Google’s PMax Reporting Update: A New Era of Transparency for Performance Marketers

For years, Google’s Performance Max (PMax) campaigns have been the ultimate “black box” for advertisers. Marketers would feed in assets, set their goals, and hope for the best-never really knowing where ads appeared, how budgets were allocated, or which creative assets were truly driving results. But that’s finally changing.
In a move that’s sent ripples through the PPC world, Google has announced a major overhaul to PMax reporting, promising new levels of transparency around channel performance, asset-level metrics, and search term insights. This will be rolled out in the next few weeks across all accounts.
At Stellar we got access back in February to a few accounts as part of their early BETA testing in the UK, so we've been familiar with the new system for a while. Let’s break down what’s new, why it matters, and where PMax still falls short.

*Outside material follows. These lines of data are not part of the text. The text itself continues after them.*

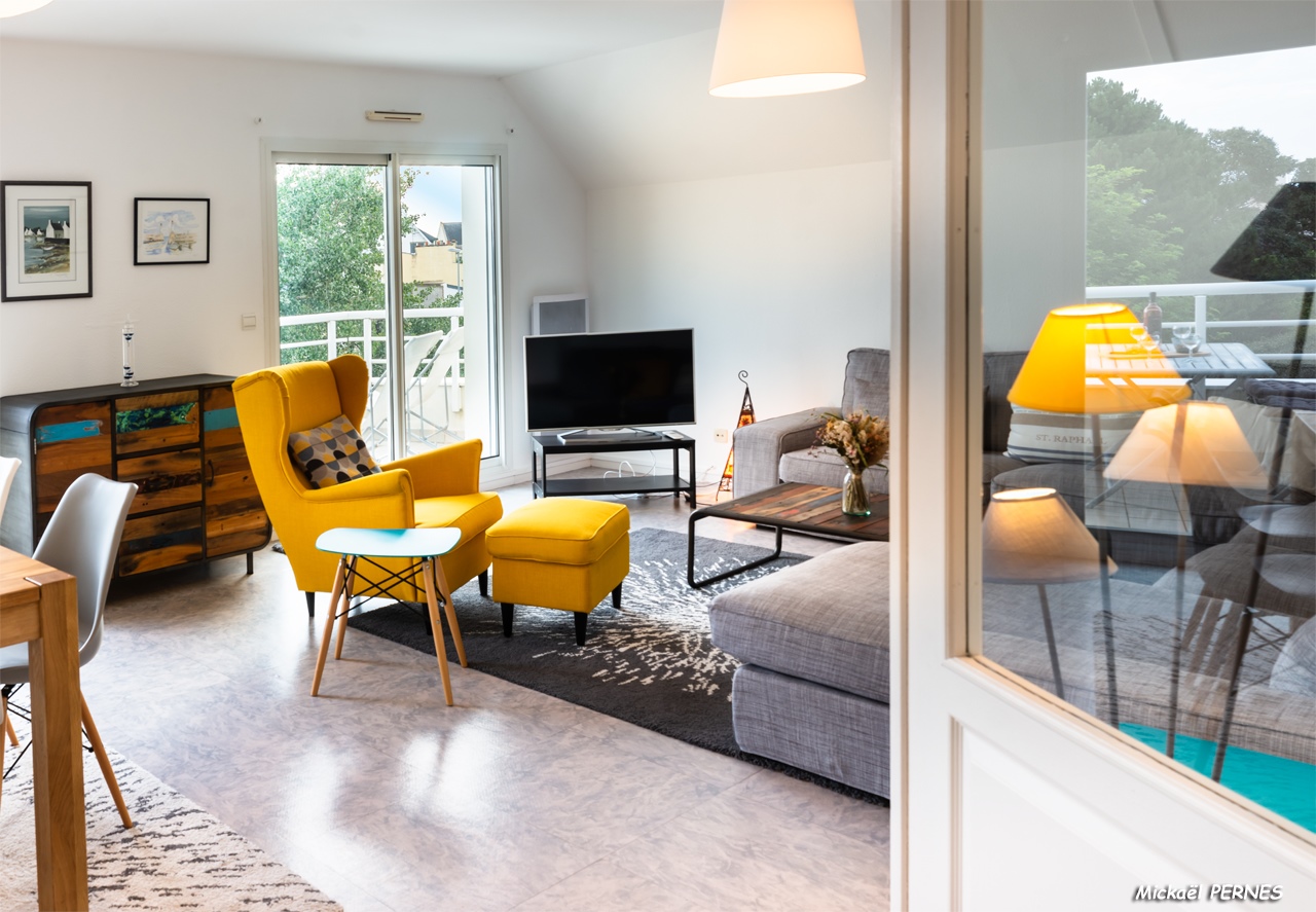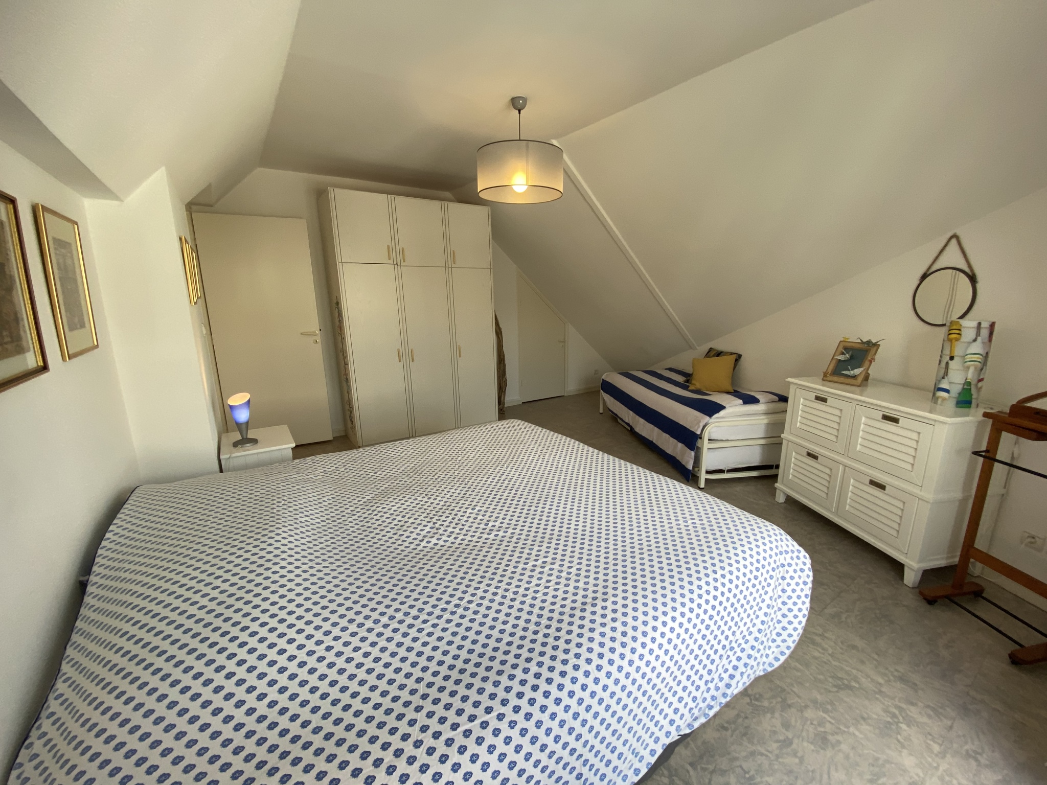 La Résidence Les Villégiales jouit d'une situation centrale entre bourg et plage et donne à cet appartement T3 situé au dernier étage avec ascenseur et garage un atout extraordinaire. L'entrée est doté d'un placard, le spacieux séjour/salon donne sur une terrasse vue mer, la cuisine est indépendante aménagée et équipée (frigo, plaques, four, micro-ondes) Une première chambre avec un lit 180 et une seconde chambre avec un lit 140 et un lit 90, salle d'eau et WC. En sus, WIFI et garage à disposition.
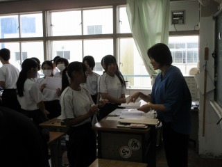 定期テスト2日目、2教科のテストを行いました。夏休み中から取り組んだ成果が出ていることでしょう。3年生は11日に2回目の実力テストを迎えます。定期テストが終わっても、引き続き学習の習慣を続けていきましょう。
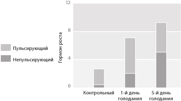 Самый мощный естественный стимул для выработки соматотропина – это голодание. Одно из исследований показало, что за пять дней без пищи выработка гормона роста удвоилась. Во время голодания в дополнение к обычному утреннему пику уровня этого гормона (пульсирующему) добавляется регулярная выработка в течение дня (не пульсирующая). Оба вида высвобождения гормона роста вырастают во время голодания. Что интересно, диеты с очень низким уровнем углеводов не способны вызвать такой ответ.
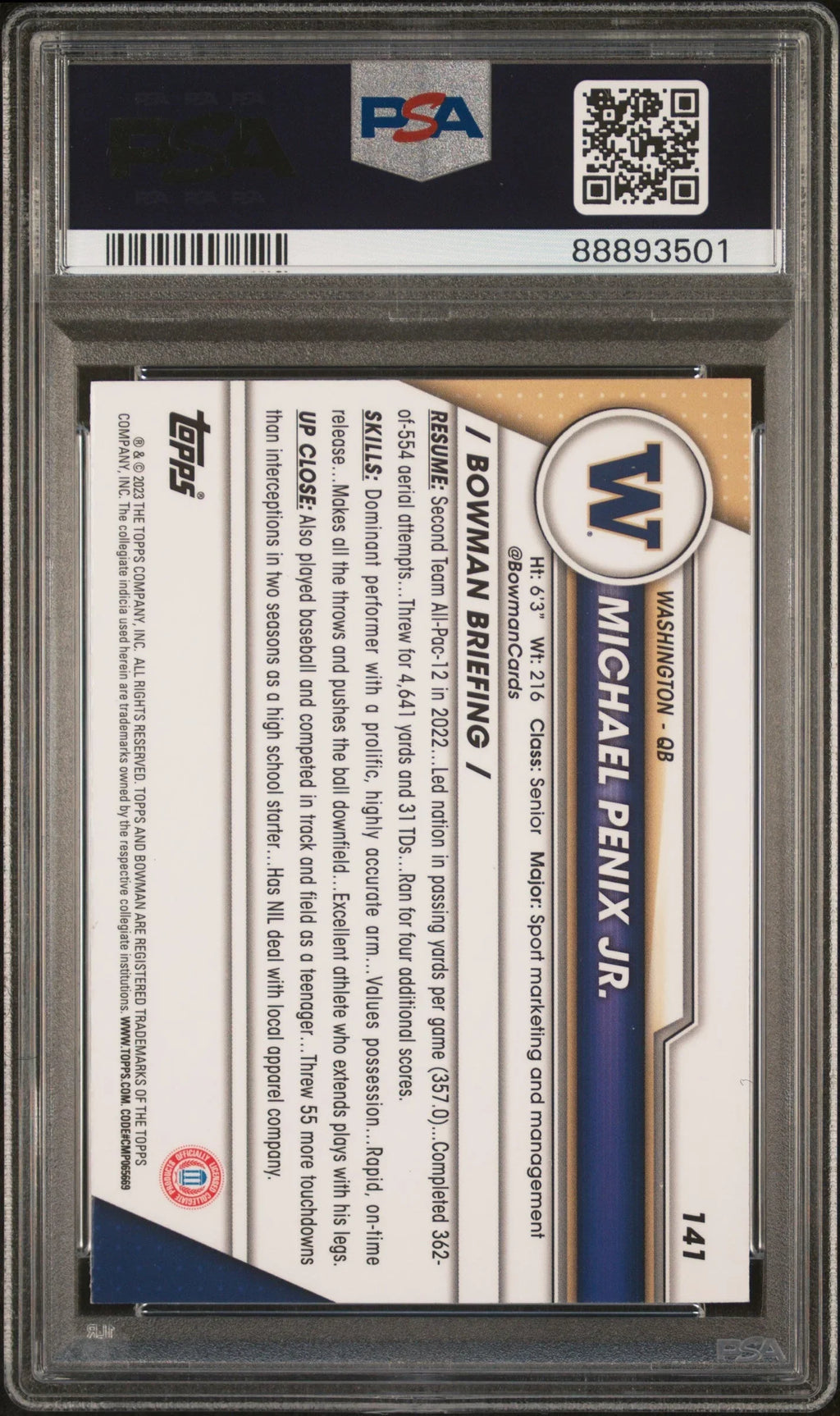 Graded 2023 Bowman U Chrome Michael Penix Jr. #141 Xfractor Rookie RC Football Card PSA 10 Gem Mint
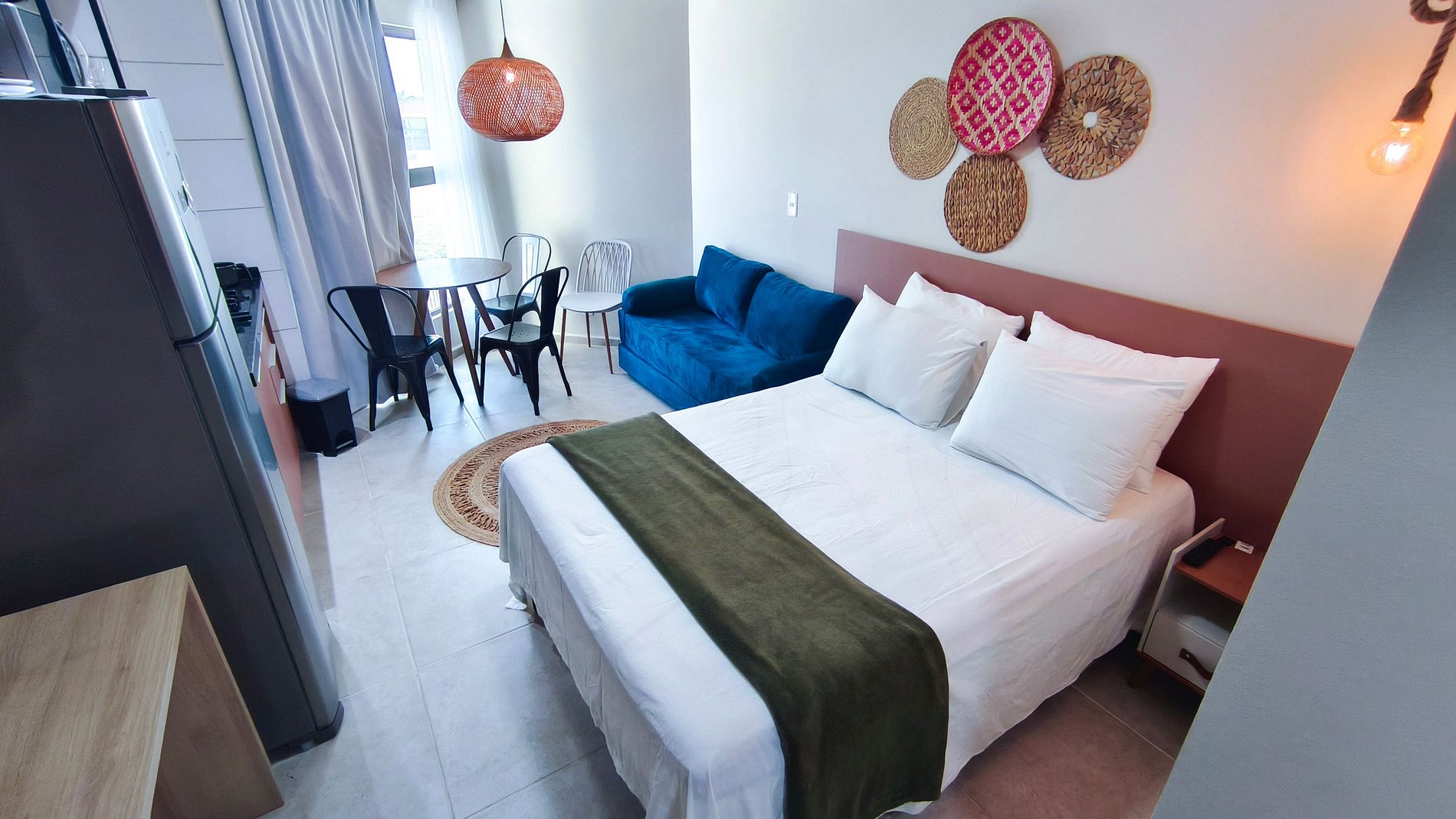- Studio: 1 cama de casal, 1 Sofá-cama casal, TV e ar-condicionado.
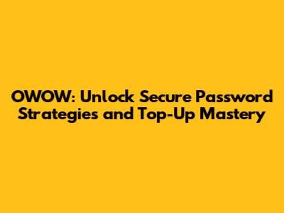 Hey guys! Ever feel like your online accounts are Fort Knox, or maybe more like a rickety shed in a hurricane? We've all been there! Today, we're diving deep into OWOW – not just the name, but a whole universe of secure password secrets, and the lowdown on how to top-up your digital currency like a pro. Forget the complex jargon and confusing tutorials; we're breaking it down in a way that's easy to digest, with a dash of fun. Ready to level up your online security and become a top-up ninja? Let's get started!
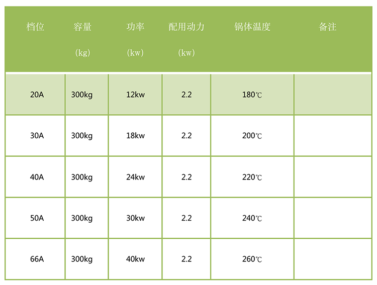 DCG-100型炒鍋加熱參數(shù)
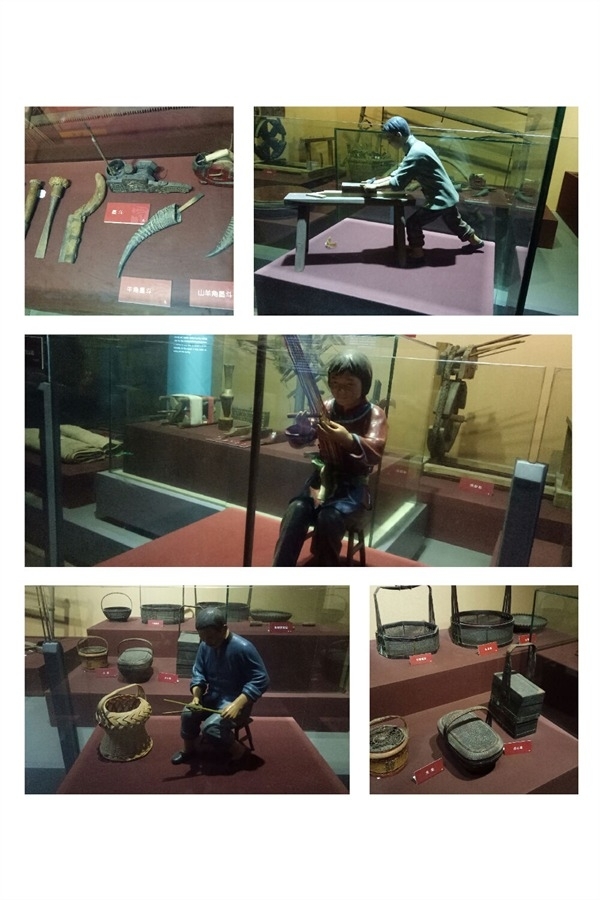 然后是畲族的一些传统工艺,如畲族姑娘们编制的花带,畲族木匠的工具,畲族竹篾技艺等等。博物馆不但展现了成品,还用小泥人还原了匠人们制作时的场景,给我们生动形象的展示了这些技艺是如何操作的。
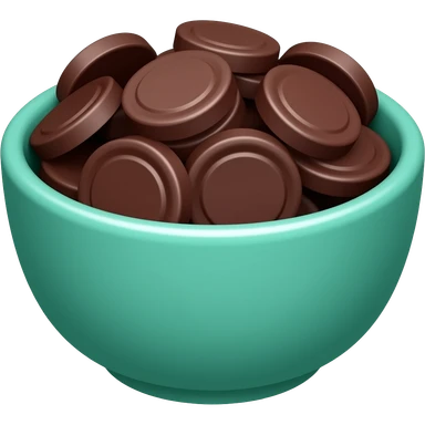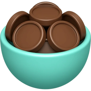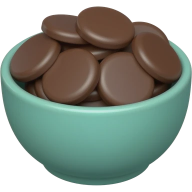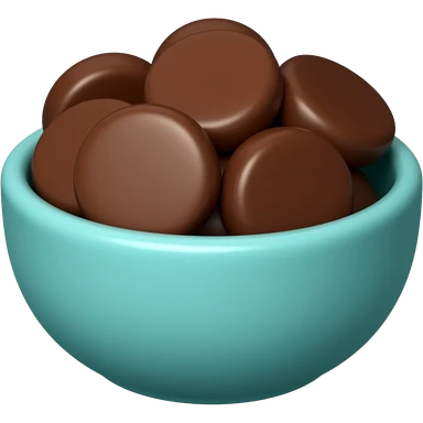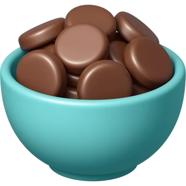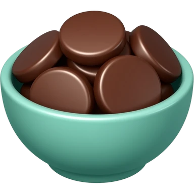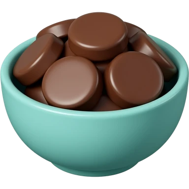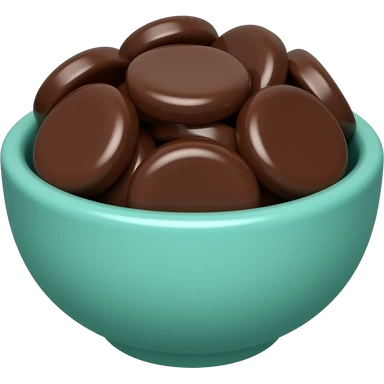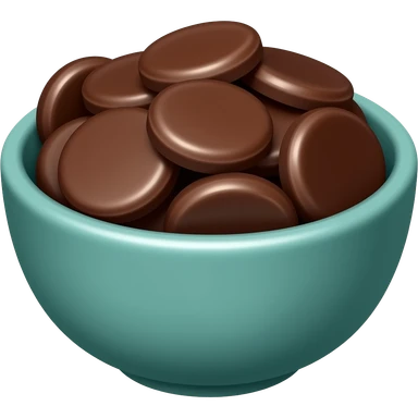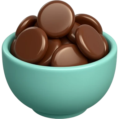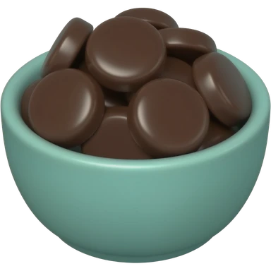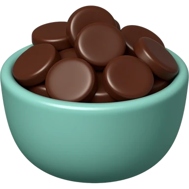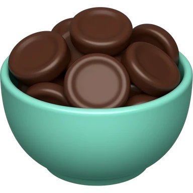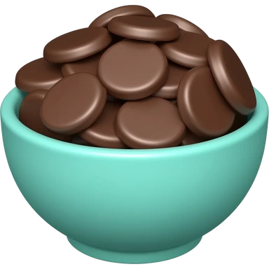 A brown bag of chocolate with the word "callebaut" written on it. Three chocolate circles are lying in the foreground. emoji
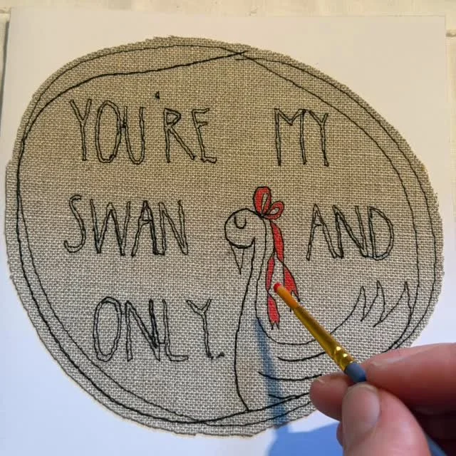 Stitched to order on a lovely flax linen tea towel (50cm x 70 cm) and price includes postage.
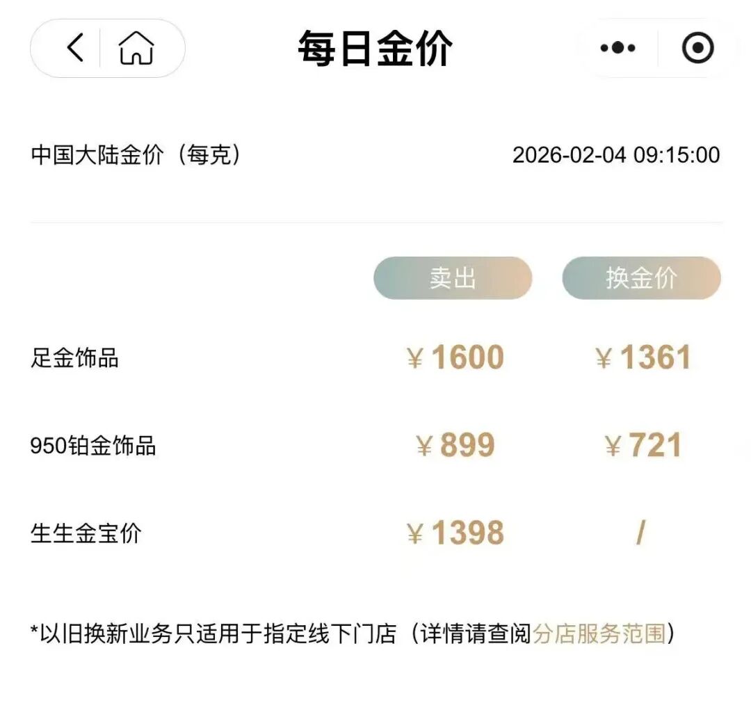 据查询,周生生足金饰品报1600元/克,较前一日1498元/克涨102元。

What’s New in PMax Reporting?
1. Channel-Level Reporting: See Where Your Money Goes
The headline feature is channel-level reporting. For the first time, advertisers can see exactly how their PMax budget is distributed across Google’s platforms- Search, YouTube, Display, Discover, Gmail, and Maps. Key metrics like cost, impressions, clicks, and conversions are now broken down by channel, with interactive visualisations and downloadable data tables.
Why it matters:
No more guessing if YouTube is eating up your budget or if Search is driving conversions. Marketers can finally optimise assets for top-performing channels, diagnose performance drops, and launch targeted experiments with confidence.
2. Asset-Level Reporting: Real Numbers, Not Just Labels
Previously, PMax would label your assets as “best” or “low” performers-without any data to back it up. Now, asset-level reporting provides actual performance metrics (impressions, clicks, cost) for every headline, image, video, and description across PMax, Search, and Display campaigns.
Why it matters:
You can run real A/B tests, remove underperformers, and scale up winning creatives based on hard data-not just Google’s automated labels.
3. Search Term Reporting: Full Transparency at Last
Advertisers have long wanted to know which search queries were triggering their PMax ads. The new update delivers, with search term reporting now on par with standard Search campaigns. See the exact queries, match types, and campaign attribution.
Why it matters:
This empowers marketers to analyse intent trends, filter out irrelevant traffic, and build negative keyword lists to reduce wasted spend.
What Does This Mean for Advertisers?
Greater Transparency = Smarter Optimisation
With granular data on channel spend and asset performance, marketers can fine-tune their campaigns, allocate budgets more effectively, and justify decisions with real evidence.
Accountability and Data-Driven Creative Testing
If your cost per acquisition (CPA) spikes, you’ll know whether it’s due to YouTube or Search. If an asset underperforms, you’ll see it in the numbers and can take swift action.
More Informed Budget Allocation
Understanding how your ad dollars are split across Google’s ecosystem means you can prioritise spend based on actual ROI, not just hunches.
Where PMax Still Falls Short
While these updates are a big leap forward, the “black box” isn’t fully open yet. Key limitations remain:
- No Channel Control: You can see, but not control, where your budget goes. If YouTube is underperforming, you still can’t opt out.
- Display Network Lock-In: PMax automatically includes the Display Network, with no way to opt out or manage placement-level exclusions easily.
- Limited Placement Transparency: The new Placement Report shows where ads appeared but lacks performance metrics like clicks or conversions.
- Audience Signal Blind Spots: Marketers still can’t see how individual audience signals perform, making targeting more of a guess than a strategy.
- Asset Reporting Gaps: While you get impressions, clicks, and cost, you still can’t see which channels assets appeared on or tie conversions directly to specific assets.
- Opaque Attribution: PMax uses data-driven attribution by default, with no transparency or flexibility to use other models.
What Marketers Are Saying
The industry’s response is a mix of excitement and frustration. Many see the new reporting as a long-overdue step, but lament the lack of real control. As one marketer put it, “It’s like watching your house burn down through a window. Informative, but not helpful.” Others hope this is just the beginning, paving the way for even greater transparency and control in the future.
Final Thoughts: A Step in the Right Direction
After years of pressure, Google is finally letting marketers peek behind the PMax curtain. These new reporting features are a significant step toward smarter, more accountable, and more effective campaign management. But for PMax to truly earn the trust of performance marketers, Google will need to go further-offering deeper control, richer insights, and more flexibility.